При Дворе Харара стоял великий плач по возлюбленнейшему Вьюге. Огнелап, брат его, в душевной скорби примчался ко Двору, отрекся от своих прав на королевскую мантию и пустился странствовать по свету. Фела Плясунья Небесная, мать Вьюги, впала в молчание до конца долгих дней своих.
Но Харар Златоглаз преисполнился безумной ярости, зарыдал и принес великие клятвы. Завывая, бросился он в непроходимые дебри, круша все перед собой в поисках предателя Живоглота. Наконец, не в силах снести столь непомерной муки, вознесся он на небо, к лону Праматери. Там с той поры и живет он, гоняя по небесам сверкающую мышь Солнца. Часто поглядывает он вниз на Землю, надеясь увидеть Виро, снова бегущего под деревами Мирового Леса.
Сменились бесчисленные времена года и старше сделался мир, прежде чем Огнелап вновь встретил вероломного своего брата Живоглота.
Во дни принца Чистоуса, в царствование королевы Заревой Полоски, лорд Тенглор пришел на помощь Рух-ухам, совиному племени. Таинственная тварь постоянно разоряла их гнезда и наконец убила всех охотников Рух-ух, выступивших против нее.
Огнелап соорудил ловушку: он искогтил могучее дерево так, что оно висело лишь на узкой полоске коры, а потом улегся в ожидании разбойника.
А когда разбойная тварь явилась среди ночи и Огнелап свалил на нее дерево, то, к изумлению своему, узнал в ней Грызли Живоглота.
Живоглот умолял Огнелапа освободить его, обещая, что поделится древними знаниями, которые добыл под землей. Лорд Тенглор лишь посмеялся.
Когда взошло Солнце, Живоглот завопил. Он так визжал и корчился, что Огнелап, хотя и опасался обмана, освободил страждущего брата из-под придавившего его древа.
Живоглот столь долго пробыл под землей, что Солнце ослепило его. Он тер и царапал слезящиеся глаза, завывая жалостно-прежалостно, и Огнелап огляделся, ища, чем бы защитить его от жара Дневной Звезды. Но не успел он оглянуться, как ослепленный Живоглот зарылся в землю – быстрее, чем крот или барсук. К тому мгновению, когда подскочил к нему испуганный Огнелап, Живоглот успел сокрыться во чреве земли.

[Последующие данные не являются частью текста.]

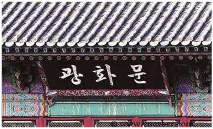以光化门为背景的韩剧镜头。光化门是朝鲜王宫景福宫的正门,“光化门”周围集中了韩国主要的政治部门,可以理解为韩国的天安门。此前,韩国文物厅通过文物委员会会议决定,摘下韩文牌匾,复原古代朝鲜时期制造的汉字牌匾。

Говорят, он и сейчас живет там, незримый для Кошачества, и уже под землей вынашивает гнусные свои замыслы, страстно желая перевернуть Верхний Мир…
Нет, не сонливы, не робки
Мы с ней, друзья!
Глядим, вовсю раскрыв зрачки,
Луна и я!
У. С. Гилберт
Настал Час Подкрадывающейся Тьмы, и конек крыши, где лежал Хвосттрубой, окутала тень.
Он весь был погружен в грезы о прыжках и полетах, когда почувствовал странное покалывание в усах. Фритти Хвосттрубой, сын Охотничьего Племени, разом проснулся и понюхал воздух. Уши встали торчком, усы, распрямись, встопорщились: он словно вопрошал вечерний ветерок. Ничего необычного. Что же тогда пробудило его? Размышляя, он выпустил когти и прогнулся всем своим упругим хребтом – до самого кончика рыжего хвоста.
Как только он как следует вылизался, ощущение опасности исчезло. Может быть, то была всего лишь ночная птица над головой… или собака – там, внизу, в поле… может быть…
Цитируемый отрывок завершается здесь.